Yeah, that must be it.
Not to mention his distrust of Will.
"Any bets on who hurls first?"
Huffing a short laugh, I glance over at Waylon. "Really? My money's on J."
Waylon tsks, shaking his head. "Nah, he's in college now. He knows how to party."
"And Will doesn't? Didn't he go to Temple?"
He scoffs. "Yeah, like a year ago. But he played football. He had to behave." His eyes glint with a sort of knowing amusement. "Trust me, his tolerance is shit."
I narrow my eyes. "Really?"
"Yup," he says easily, before turning away.
Well, glad to see they're starting to get along.
"Hey," I call out, just as Shawn returns from the basement, black garbage bags and a broom in hand.
Waylon pauses to look over his shoulder. I glance around for Ivy, ensuring she's not in listening range. I don't see her. Regardless I take a step closer, and drop my voice so it's just for him.
"She's still mad?"
He shrugs. "Yeah, but she'll get it over it." He says it like it's no big deal, but I don't miss the glint of remorse in his eyes, or the shame rippling across his features. It comes and goes so quick though, I instantly wonder if I saw it at all.

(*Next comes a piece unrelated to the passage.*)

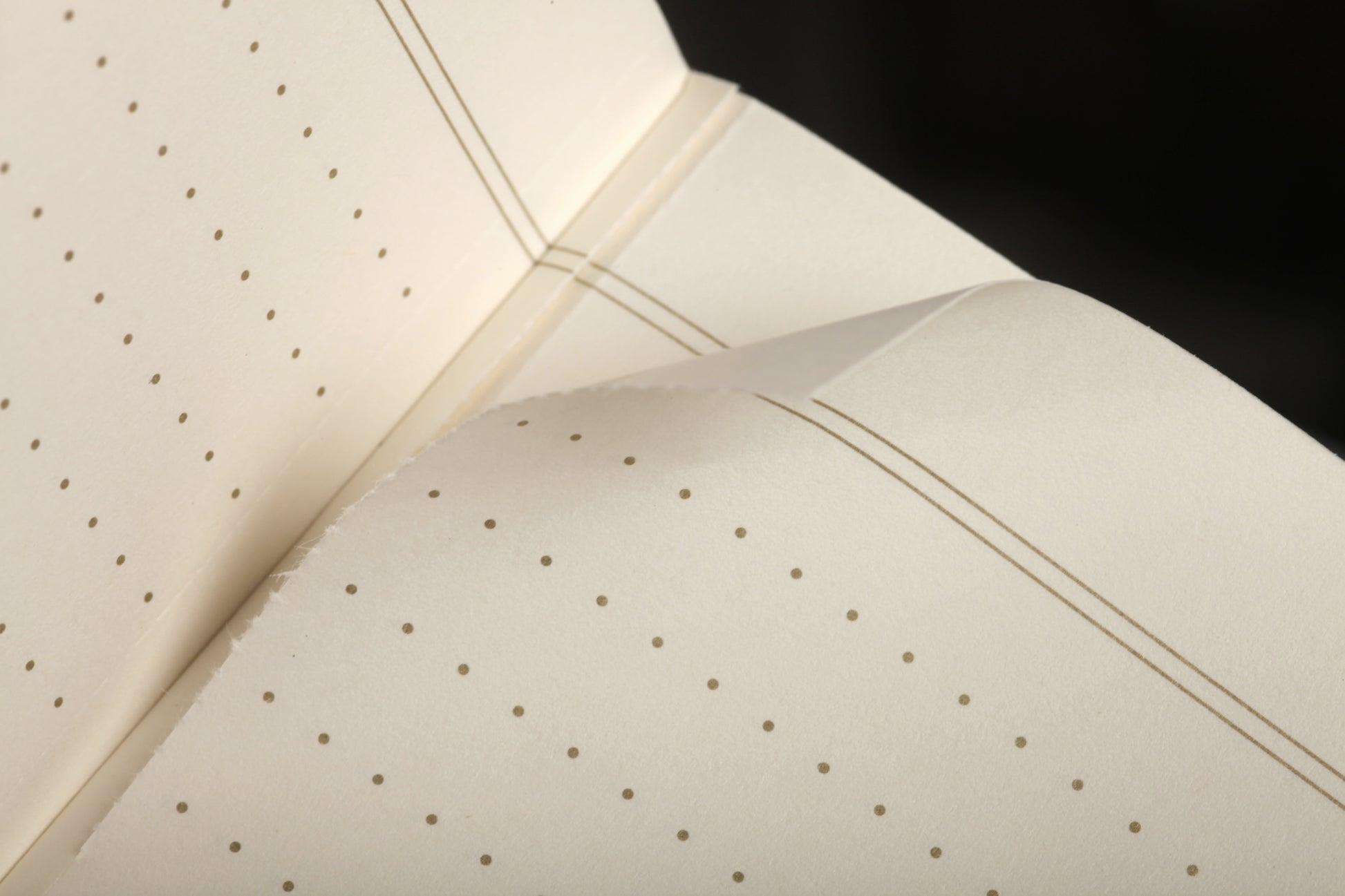 Las páginas interiores están rayadas con tinta «Faded Antique Gold» sobre papel blanquecino de Domtar. También están perforadas para facilitar su extracción. Las grapas también son doradas. ¡Claro!

Searching his shockingly clear eyes, I can't help but recall what I overheard earlier, and risk asking, "Does her being mad at you have anything to do with whatever made you quit drinking?"
His face hardens. "It was a bunch of things. And I'm just cutting back for a bit."
I nod, and am about to say, Good for you, when he throws out sharply, "Did Jeremy ask you about the benefit?"
I still.
A wince pinches his face, and he looks away, muttering something under his breath.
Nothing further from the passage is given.